Im Juli 2012 lagen weitere Tests auf Schotter als auch Asphalt hinter dem VW-Team und Pilot Sebastien Ogier wirkte optimistisch. "Wir müssen noch überall ein bisschen Arbeit hineinstecken: Motor, Getriebe und Aufhängung. Ich kann nicht sagen, dass irgendetwas perfekt ist, aber ich bin zufrieden damit, wo wir im Moment stehen."
Am 17. Oktober 2012 der nächste Paukenschlag. Neben Sebastien Ogier hat sich Volkswagen Jari-Matti Latvala als zweiten Piloten ins Boot geholt. Der Finne gilt zwar als der Crash-König der WRC, doch als ebenso schnell. "Dass ein weiterer Spitzenfahrer an unseren Erfolg glaubt und zu uns wechselt, ist eine zusätzliche Motivationsspritze für jeden Mitarbeiter unseres Teams", freute sich Motorsportdirektor Jost Capito.
Bei der Rallye Sardinien im Oktober 2012 setzt Sebastien Ogier ein Ausrufezeichen. Mit dem deutlich unterlegenen Skoda Fabia S2000 gelang dem Franzosen die erste Bestzeit eines S2000-Boliden in der Geschichte der Rallye-Weltmeisterschaft. In der Endabrechnung belegte Ogier den fünften Gesamtrang und unterstrich sein fahrerisches Können.

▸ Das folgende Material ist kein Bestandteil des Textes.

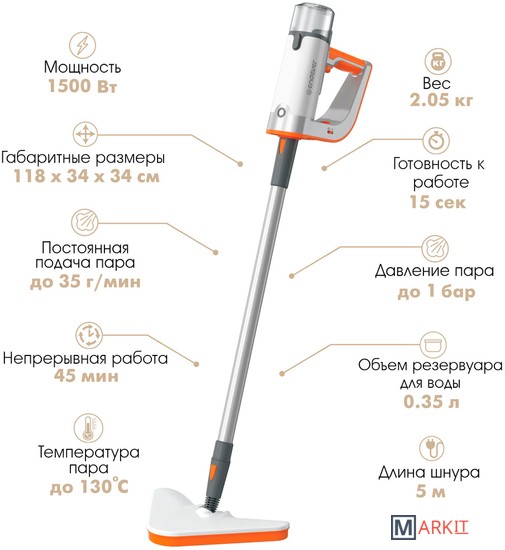 Уже не для кого не новость, что пар – это лучший помощник в борьбе с удалением грязи в доме. И обычная паровая швабра уже не актуальна, поскольку ей можно очистить только пол. А что делать со стенами, окнами, зеркалами и прочими местами, от куда тоже нужно удалить грязь и очистить без помощи бытовой химии?Представляем Вашему вниманию паровую швабру «2 в 1» ENDEVER ODYSSEY Q-621. Данная модель позволяет помимо классической паровой швабры, еще использовать ее, как ручной универсальный отпариватель, расширяя возможности по уборке и дезинфекции различных типов поверхностей, а не только пола. Дополнительный комплект из 4-х насадок поможет добраться до самых труднодоступных мест в Вашем доме.Хорошие показатели мощности 1500 Вт позволяют паровой швабре ENDEVER ODYSSEY Q-621 получить значение подачи пара до 35 г/мин. 2 уровня подачи пара, время непрерывной работы до 45 мин, температура пара до 130 градусов, объем бака 0,35 л., готовность к работе до 15 секунд. Всё это делает эту модель лидеров в своем классе.Длина сетевого шнура составляет 5 метров, что вполне будет достаточно для комфортного перемещения при уборке в Вашем доме. За безопасность отвечают функции защиты от протечки воды и перегрева. Расширенная гарантия 18 месяцев дополнительно защитит Вас от непредвиденных ситуаций при эксплуатации паровой швабры ENDEVER ODYSSEY Q-621.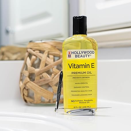 Hollywood Beauty Vitamin E Hair & Skin Oil, 8 oz - Prevents Dryness, Stimulates Healthy Hair Growth, Repairs Damaged Skin, Anti-Aging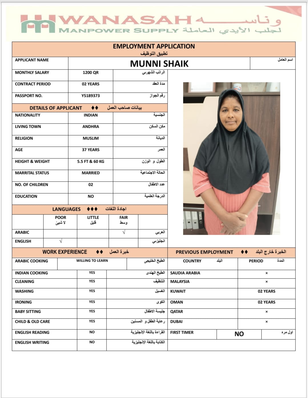 الاسم - عربي MUNNI SHAIK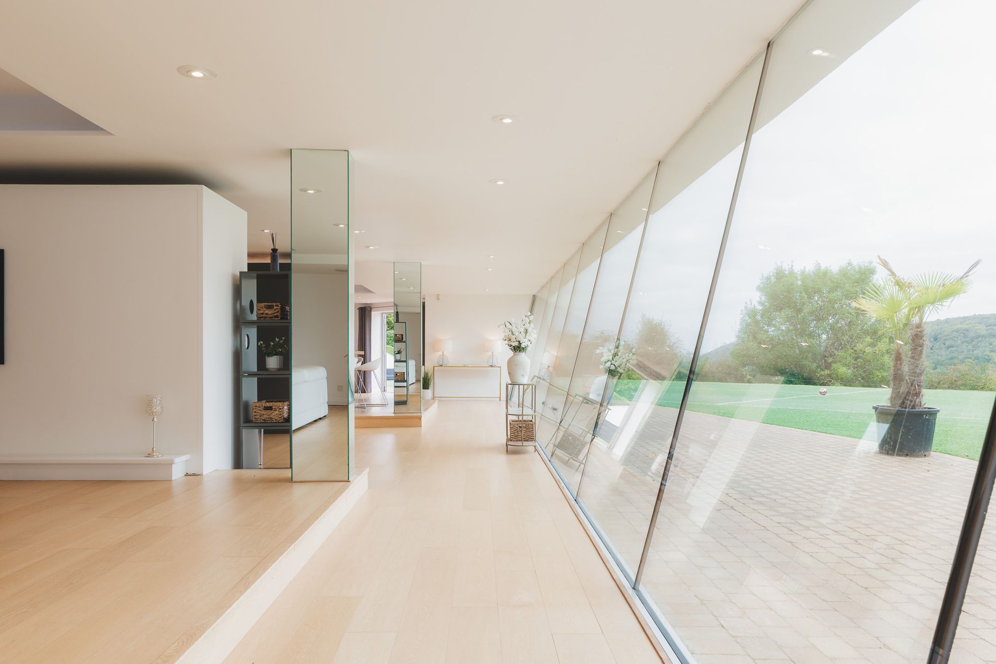 Indoors, Steppingstone’s solidity and sense of calm is profoundly felt. The curved entrance hallway sets the tone, underfloor heating providing warmth to the wood flooring throughout, mirrored pillars dividing and amplifying the space. Stairs wind up and down ahead; while curving round to the left, double doors open into the vast, open plan ground floor living area.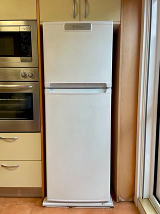 Nevera de estilo retro de la marca New Pol. Su diseño vintage le da un toque especial a cualquier cocina. - Color blanco crema. - Tiradores cromados. - Compartimento congelador superior.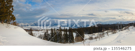 スキー場から一望する魚沼盆地と巻機山や八海山などの雪山パノラマ (新潟県、南魚沼、上越国際スキー場)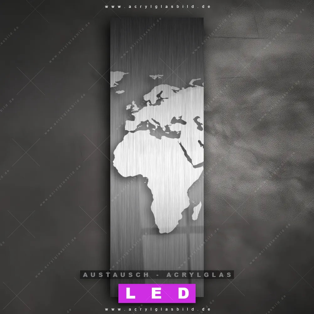 Wechsel-Acrylglas Canvalight® DIA | Weltkarte Edelstahloptik | Schmal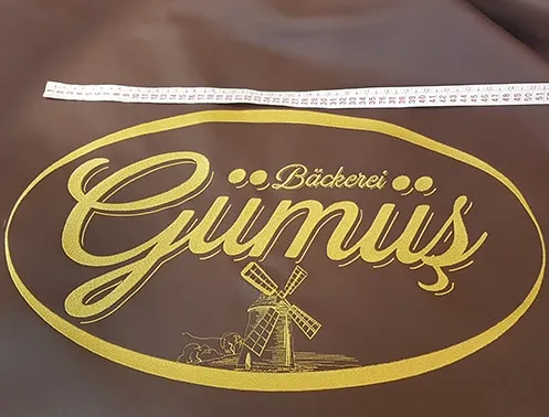Sitzbank mit Kundenlogo auf Leder Hochwertig bestickt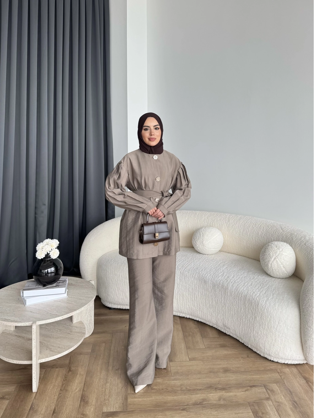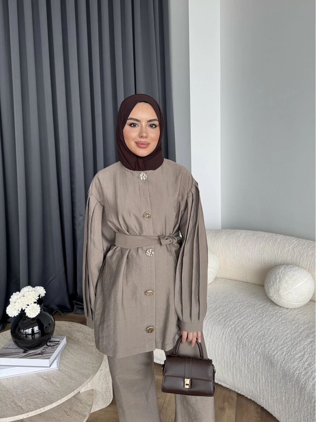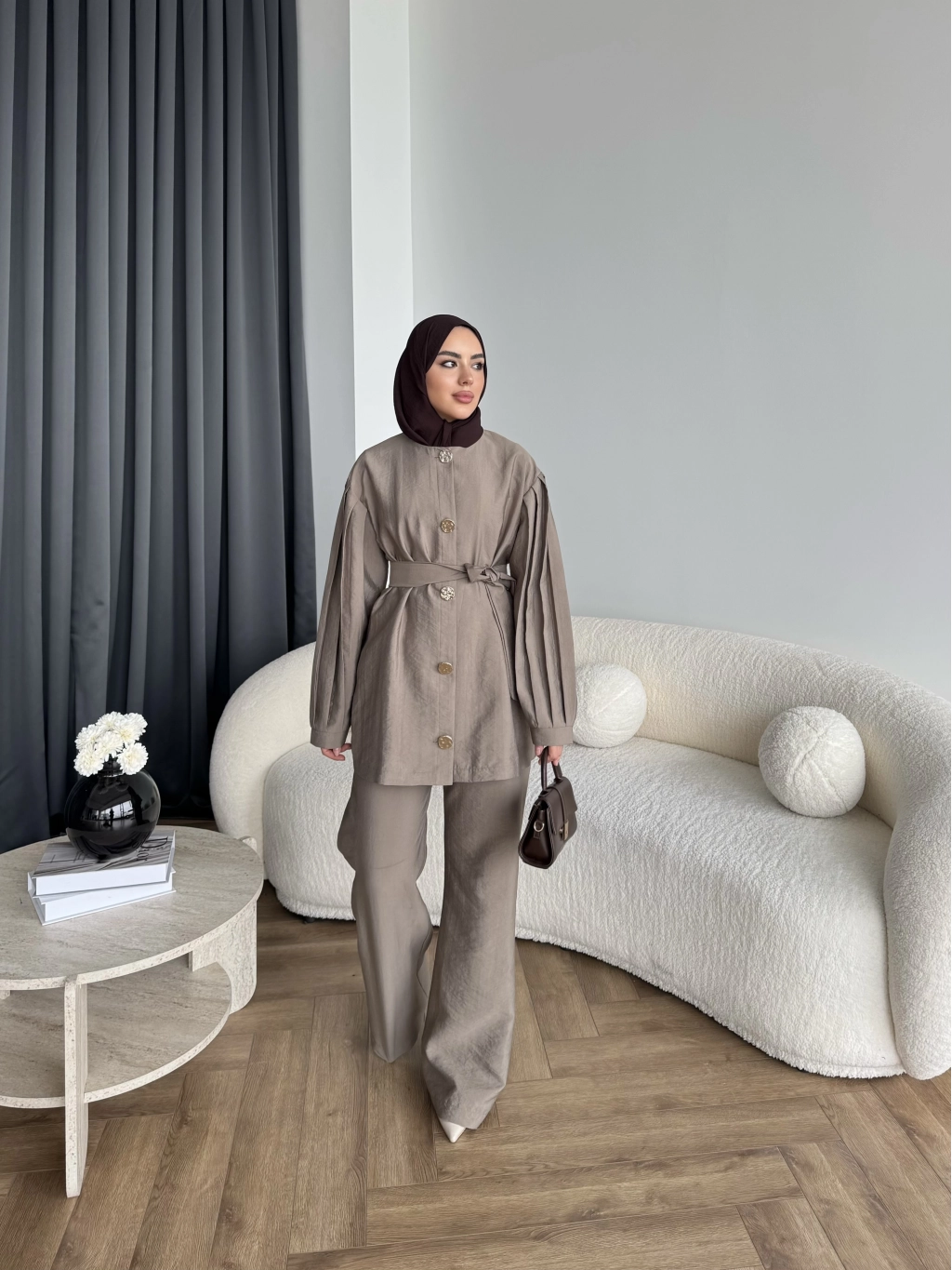 Tb - Eşla Gold Düğmeli Takım - Vizon

Ende November ging es für Volkswagen nach Mexiko, um finale Schotter-Tests vor dem Saisonstart zu absolvieren. Neben Sebastien Ogier war auch erstmals Jari-Matti Latvala mit an Bord. Der Finne wurde allerdings erneut seinem Ruf gerecht und kollidierte mit einem Zivilistenfahrzeug. Glücklicherweise wurde niemand ernsthaft verletzt und Volkswagen konnte die Tests fortsetzen.
Mitte Dezember wurde es dann noch einmal ernst: Vor der versammelten Presse stellte das Team in Monte Carlo erstmals den fertig lackierten und präparierten Wagen der Weltöffentlichkeit vor.
Der Startschuss in eine neue Ära fiel am Mittwoch, den 16. Januar 2013 bei der Rallye Monte Carlo. Der Einstand hätte nicht besser gelingen können, denn bereits auf der ersten Prüfung fuhr Sebastien Ogier zur Bestzeit. Am Ende reichte es für den zweiten Gesamtrang hinter Sebastien Loeb, doch Ogier strahlte und war zufrieden. Jari-Matti Latvala sah das Ziel nicht, da er eines der Opfer der schwierigen Bedingungen am Col de Turini wurde.
Am 10. Februar 2013 ist es Wahrheit: 647 Tage nach der Bekanntgabe des Einstiegs fährt Volkswagen zum ersten Sieg. Sebastien Ogier gewinnt zehn von zweiundzwanzig Wertungsprüfungen und lässt bei der Rallye Schweden Sebastien Loeb und den Rest des Feldes hinter sich - bei der zweiten Rallye nach dem Einstieg!
Am 3. Oktober 2013 wird ein Traum Wirklichkeit, den niemand zu Beginn der Saison auszusprechen wagte. Sebastien Ogier feierte durch Rang drei in der Power Stage in Frankreich den Titel. Volkswagen gewinnt drei Rallyes vor Saisonende im Premierenjahr dominant den Fahrer-Titel.
Nur eine Rallye später in Spanien ist wieder Zeit zum Feiern. Volkswagen bejubelt nach dem Fahrer-Titel auch noch die Hersteller-WM. Alle Titel im ersten Jahr und perfekter Durchmarsch!